Investment, Insurance, & Your Autonomy

Premium, deeply aligned clinical care shouldn't be dictated by an insurance company’s bottom line. Here is how we protect your clinical privacy while maximizing your out-of-network benefits.

Take a breath

Why Out-of-Network?

To provide you with truly unmasked, expansive, and somatic care, I operate as an Out-of-Network (OON) provider.

When insurance companies manage your care, they require a rigid, permanent mental health diagnosis on your medical record, and they frequently dictate how many sessions you are allowed to have. By stepping outside of their network, we protect your clinical privacy, ensure your treatment length is decided by us, and allow for deeply tailored, creative, and neurodiversity-affirming therapeutic methods that standard insurance metrics simply aren't built to measure.

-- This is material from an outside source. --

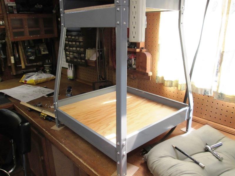 ![]() Started the top but at a quandary...I noticed the adjustment holes would allow mounting the front frame below shelf. Would give more access to whatever is on shelf and room for adding drawers. Still contain at sides and back if used open. It likely subtracts from overall strength, setting at table probably hit with knees- but dang... Looking at pictures realized I'll be adding caster so raise above knee height, placing frame below shelf would give an easy place to mount power strip. Though I think vertically on leg would be more practical. Or on the side frame, cords be out of the way. decisions.. Either way front frame going below shelf. I only need to notch back frame. Use the screws and nuts intended to attach top so same as others. Cut new bottom shelf and start bolting together. Using 1/8" bottom shelf as pattern cut a new one out of scrap 3/4" plywood. Then cut the original bottom to laminate to bottom of top shelf for more thickness. It will fit against back and side rails and set on front frame. Or shorter on sides and back so bottom sheet sets on front frame and top sheet sets in back and side frames. Lip. ![]() Clear as mud...and fail. Front edge still didn't reach the front frame, that actual 3/32" thick verses 1/8" nominal. I ended up gluing on a filler strip across bottom front edge to set on frame. Effectively defeating whole reason cutting as I did. So what I should have done is just cut sheet same size as middle shelf, then add 2 filler strips across front. What I really should have done is just used piece of plywood, routed 5/16" deep x 1/2" wide lip across back and sides. This'll work. Need to coat shelves with something then look at the top. Been trying to ignore but getting close to adding. Uses 4 little L brackets to bolt to legs. Im not sure how many times you could pick up table without pulling top off. Second its a bit small at just shy 18"x20". Could easily go to 18"x24" maybe up to 30" wide and still maintain stability. Does mean replacing top I could have used as bottom shelf. This project turning into 'what I should have done'.

Understanding Superbills & Reimbursement

If you have out-of-network mental health benefits built into your health insurance plan, you can frequently recover a significant portion (often 50% to 80%) of your session fees.

How the Process Works:

  1. Pay Upfront: You pay the standard session fee at the time of our appointment.
  2. Seamless Claims Filing: To make reimbursement as frictionless as possible, my dedicated billing specialist can submit out-of-network claims directly to your insurance provider on your behalf. Alternatively, I can provide a monthly Superbill receipt for you to submit on your own portal if you prefer.
  3. Receive Reimbursement: Your insurance company processes the claim and mails a reimbursement check directly to your door based on your out-of-network benefits.r.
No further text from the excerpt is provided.